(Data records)
☆ ☆ ☆ ☆

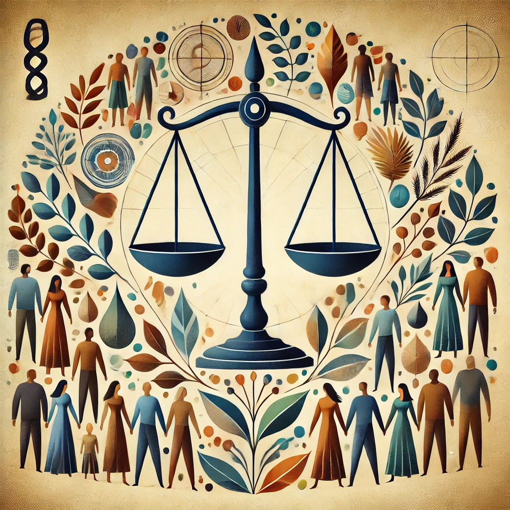 Here is the symbolic representation of the Universalist Principle. It features a balanced scale in the center to symbolize fairness and equality, with diverse individuals surrounding it to represent inclusivity. Let me know if you need any modifications!
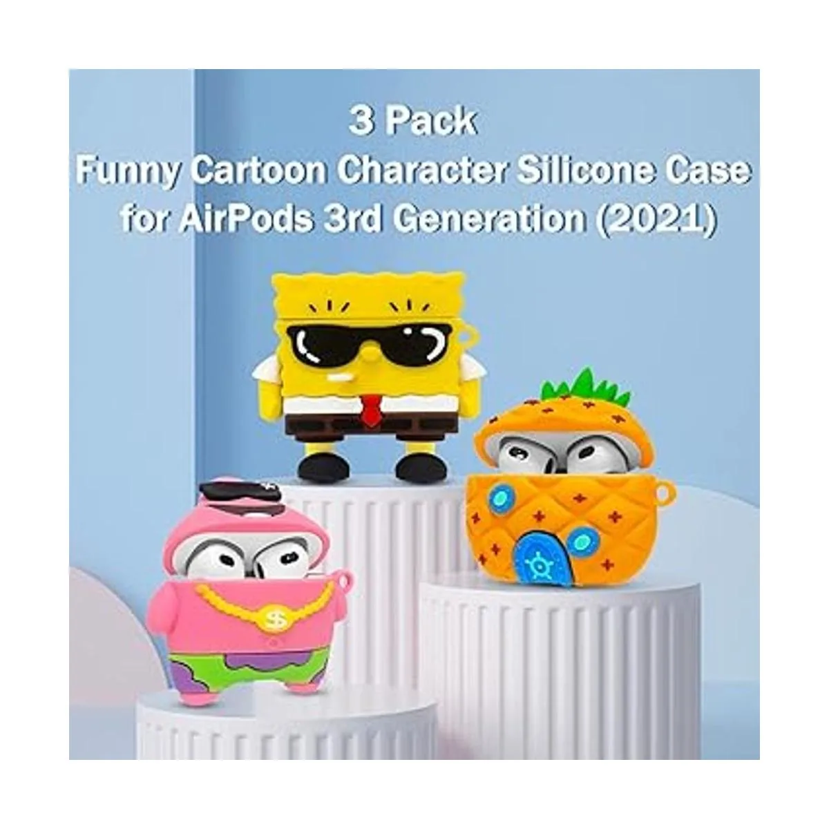 Paquete de 3 Funda divertida para AirPods de 3 generación, funda protectora de silicona con personajes de dibujos animados 3D para Airpods 3 Kawaii Airpods 3 2021 para hombres y niños, funda protectora de silicona con llavero accesorios
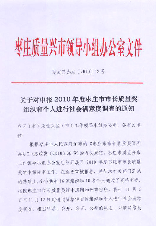 关于对申报2010年度潍坊市市长质量奖组织和个人
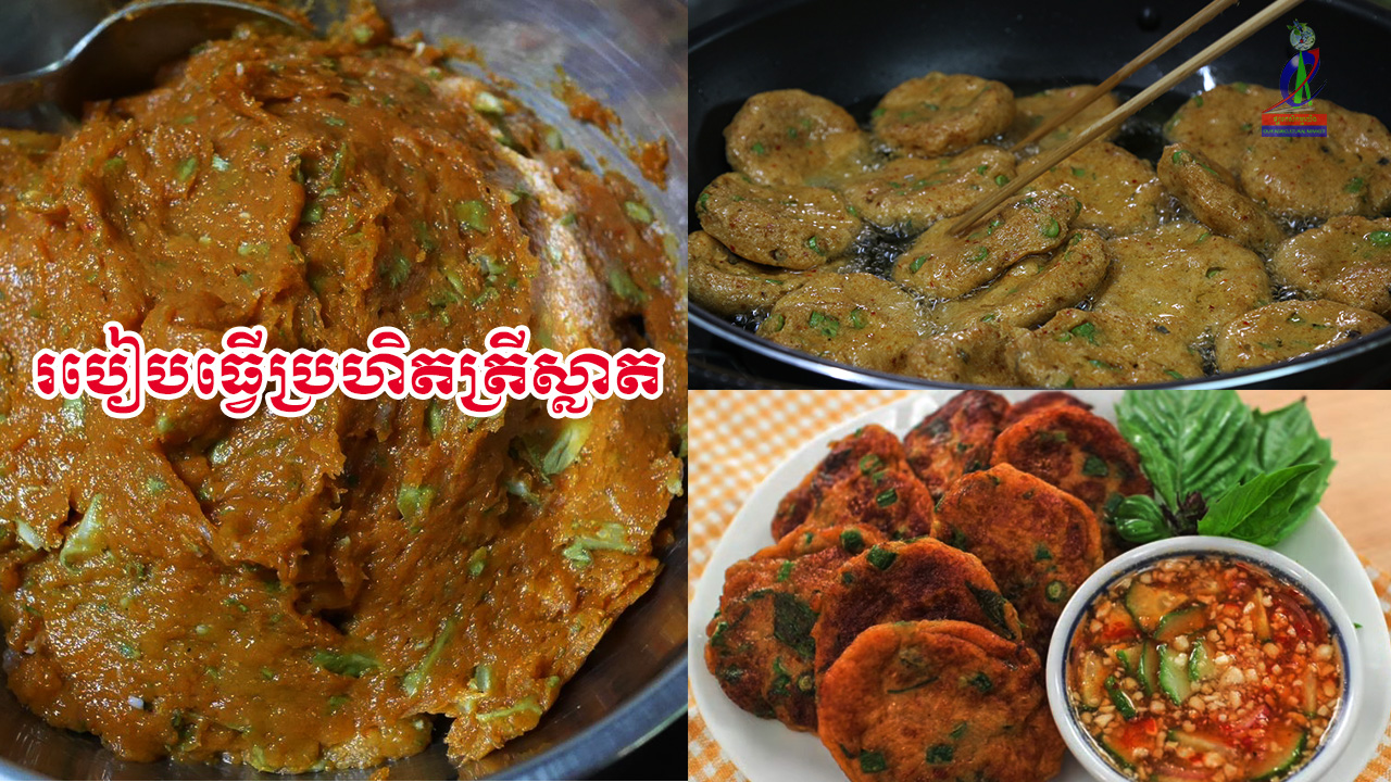 ២- ពេលដែលបុកសាច់ត្រីស្អិតល្អហើយ យកគ្រឿងបុក ពងមាន់ ស្កសរ ទឹកត្រី ដាក់ចូល រួចហើយច្របល់អោយចូលគ្នា ( រួចយកទៅចៀន ភ្លក់មើលសិន ) តើរសជាតិល្មមហើយឬនៅ ខ្វះខាតអ្វីយើងបន្ថែមបានទៀតតាមការចូលចិត្ត ។
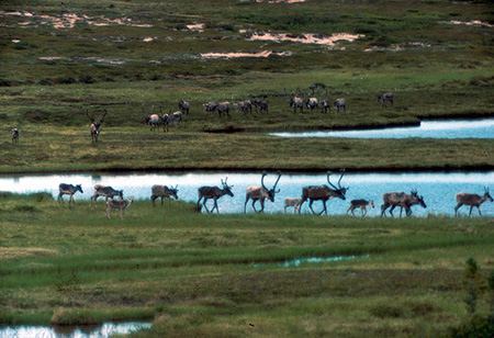 Caribou Hunting Jérémie Giles 1999 It is quite likely that the first groups of people to enter the Ottawa Valley were following small herds of caribou which had begun to use the landscape newly freed from the grip of the glacier. Caribou at Whitefish Lake, District of Mackenzie, Northwest Territoires Marjory Gordon 1977 A small herd of caribou like this one may have attracted hunters into the Ottawa Valley. ![]() |

☆ ☆ ☆ ☆

**TO DO:** Reproduce the data above exactly, leaving each picture out.

**RESPONSE TO THE TASK:**
 Here is the symbolic representation of the Universalist Principle. It features a balanced scale in the center to symbolize fairness and equality, with diverse individuals surrounding it to represent inclusivity. Let me know if you need any modifications!
 Paquete de 3 Funda divertida para AirPods de 3 generación, funda protectora de silicona con personajes de dibujos animados 3D para Airpods 3 Kawaii Airpods 3 2021 para hombres y niños, funda protectora de silicona con llavero accesorios
 关于对申报2010年度潍坊市市长质量奖组织和个人
 ២- ពេលដែលបុកសាច់ត្រីស្អិតល្អហើយ យកគ្រឿងបុក ពងមាន់ ស្កសរ ទឹកត្រី ដាក់ចូល រួចហើយច្របល់អោយចូលគ្នា ( រួចយកទៅចៀន ភ្លក់មើលសិន ) តើរសជាតិល្មមហើយឬនៅ ខ្វះខាតអ្វីយើងបន្ថែមបានទៀតតាមការចូលចិត្ត ។
 Caribou Hunting Jérémie Giles 1999 It is quite likely that the first groups of people to enter the Ottawa Valley were following small herds of caribou which had begun to use the landscape newly freed from the grip of the glacier. Caribou at Whitefish Lake, District of Mackenzie, Northwest Territoires Marjory Gordon 1977 A small herd of caribou like this one may have attracted hunters into the Ottawa Valley. ![]() |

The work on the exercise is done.